*Available data*
##########

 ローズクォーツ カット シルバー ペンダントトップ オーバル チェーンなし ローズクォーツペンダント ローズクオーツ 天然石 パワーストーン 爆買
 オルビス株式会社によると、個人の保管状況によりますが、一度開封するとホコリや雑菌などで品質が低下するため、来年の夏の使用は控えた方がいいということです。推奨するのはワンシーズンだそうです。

##########

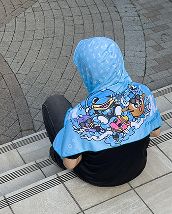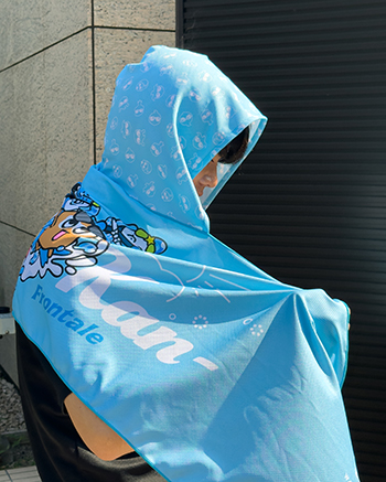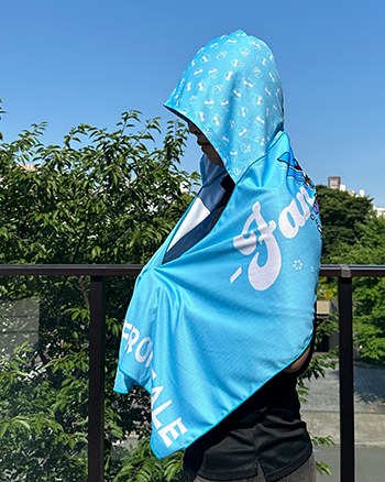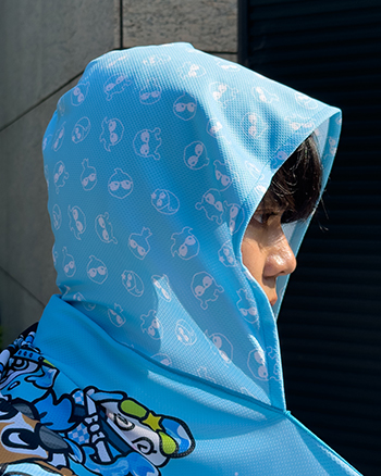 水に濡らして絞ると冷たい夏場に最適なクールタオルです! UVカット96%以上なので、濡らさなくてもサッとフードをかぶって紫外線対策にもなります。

##########

*Action item*
Copy the stretch of the records above that runs from the line with "ローズクォーツ カット シルバー" through the line with "オルビス株式会社によると、個". Both end lines belong in the copy, and nothing else does.

*Exercise solution*
 ローズクォーツ カット シルバー ペンダントトップ オーバル チェーンなし ローズクォーツペンダント ローズクオーツ 天然石 パワーストーン 爆買
 オルビス株式会社によると、個人の保管状況によりますが、一度開封するとホコリや雑菌などで品質が低下するため、来年の夏の使用は控えた方がいいということです。推奨するのはワンシーズンだそうです。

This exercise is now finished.